Although the above scheme works and is widely used it can become the source of 
many problems. If a service normally uses a well-known port, that does not mean that it 
cannot use another port. This must be considered because it might be used to circumvent 
the gateways restrictions either by an outsider or an insider if, as it is often the case, on 
top of being just a caching proxy it implements logging, filtering and security functions. 

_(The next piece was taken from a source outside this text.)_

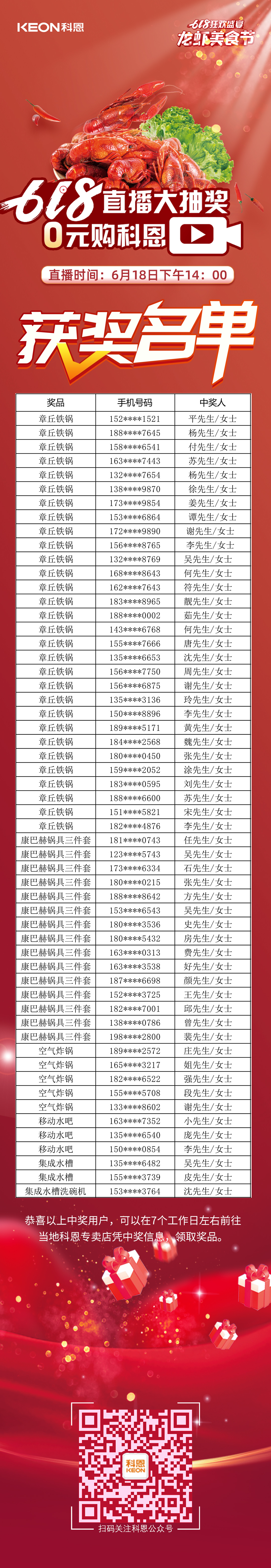 萬人品美食,0元搶科恩——科恩龍蝦美食節(jié)圓滿落幕,千城千店,共襄盛舉,感謝大家對科恩集成灶的大力支持,618直播大抽獎獲獎名單火熱出爐,恭喜以上獲獎的小伙伴們,請盡快聯(lián)系當(dāng)?shù)?a href="http://www.usg0v.com/" target="_blank">科恩門店,快把獎品領(lǐng)回家吧!

Often, weaknesses are not directly created by outsiders, but by insiders who consider the 
gateway to be unnecessarily restrictive. An insider that wants to provide an outside access 
that is not permitted may use a nonstandard port in order to do it. For example, if one 
prevents users from providing HTTP servers but allow connections from outside to non 
privileged ports (i.e. equal or greater than 1023), a user can provide HTTP access using 
a port other than 80 thus escaping the transparent proxy server and its logging, filtering 
and security functions. Also an outside privileged port might be used by an outsider to 
circumvent the gateway. If, for example, it is allowed from outside to access from TCP 
port 20 (a port usually used by a File Transfer Protocol or FTP server for data transfer), 
an outsider may use this port in order to run another service, for example, a Telnet client. 
Because Telnet is the protocol used to emulate terminal sessions from within the network, 
like insiders, this may have devastating consequences. Transparent proxying is further 
illustrated as prior art in Figure 1 .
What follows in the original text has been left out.